Friday, January 16, 2009

My Workshops

F. débaucher is, according to Littré and Hatzfeld, derived from n. bauche, of which the precise sense and origin are according to the latter unknown; according to the former it = ‘a place of work, workshop’, so that desbaucher would mean orig. ‘to draw away from the workshop, from one's work or duty’.

Oxford English Dictionary

I usually introduce my writing workshops by explaining the etymology of "debauchery". Today, the words means "a vicious indulgence in sensual pleasures", but it stems from "seduction from duty, integrity, or virtue; corruption." The modern sense of "debauch" apparently emerged in the 17th century, i.e., at the beginning of the modern era, when we began to separate the pursuit of profit from the pursuit of pleasure.

Workshopping is the attempt to "get back to work". In a workshop, we try to take craftsmanship seriously and derive pleasure from the first-hand manipulation of materials. Quality in any art, I believe, depends on integrating (and in our age this means reintegrating) productivity and sensuality, industry and creativity. It is the opposite of the vicious indulgence in sensual pleasures, the pursuit of false pleasure, we might say. Quality is a true pleasure; it is the sensuality of work.

My workshops try to establish the microcosm of a writer's bauche, a place of (pleasurable) literary work. This semester, we will meet on Tuesdays and Wednesdays as often as possible for two-hours (sixteen meetings in all). We work on a one-page (14 point, Times New Roman, double-spaced) sample of text that has been submitted by one of the participants, editing it together in Word using an overhead beam projector.

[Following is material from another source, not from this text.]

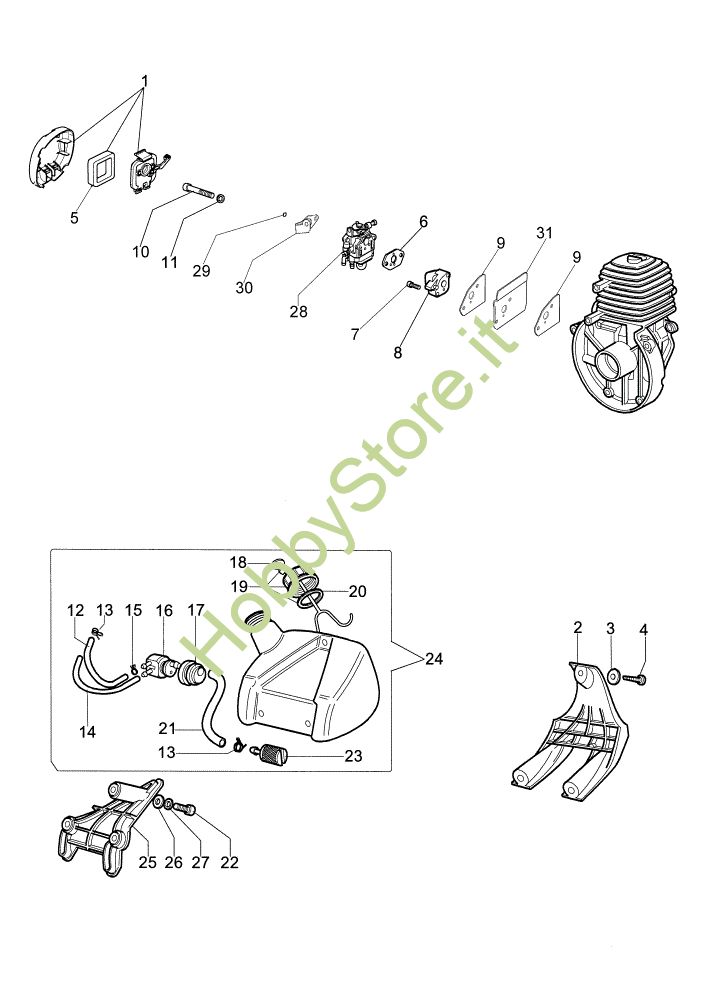 Ricambio Carburatore Serbatoio e filtro aria SO 2550 Scuotitore a pettine della marca Efco Richiede pezzi:1
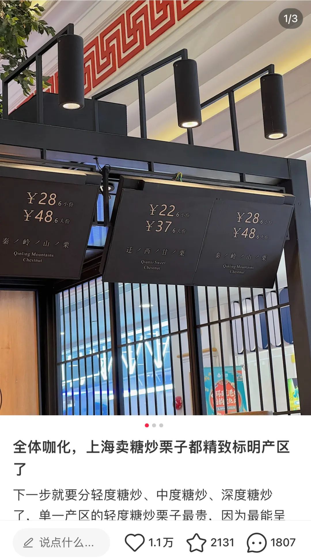此前一张上海零食店铺的价格表被顶上了某书首页,人们惊讶地发现,原本浓眉大眼的板栗也开始“咖啡化”了。

Only the materials, our interests and time constrain what we do. While it is sometimes hard work, it is an enjoyable way of improving a text. I think one of the reasons it is so much fun, both for the participants and for me, is that we do not try to reduce improvements to rules of style or grammar. I will, of course, sometimes mention a stylistic virtue, or correct a grammatical error, but the aim is not to teach "good English". The aim is to develop a sensitivity for good prose. We try to learn what works in a text and what does not work. And we learn this by doing. It is a workshop, not a classroom.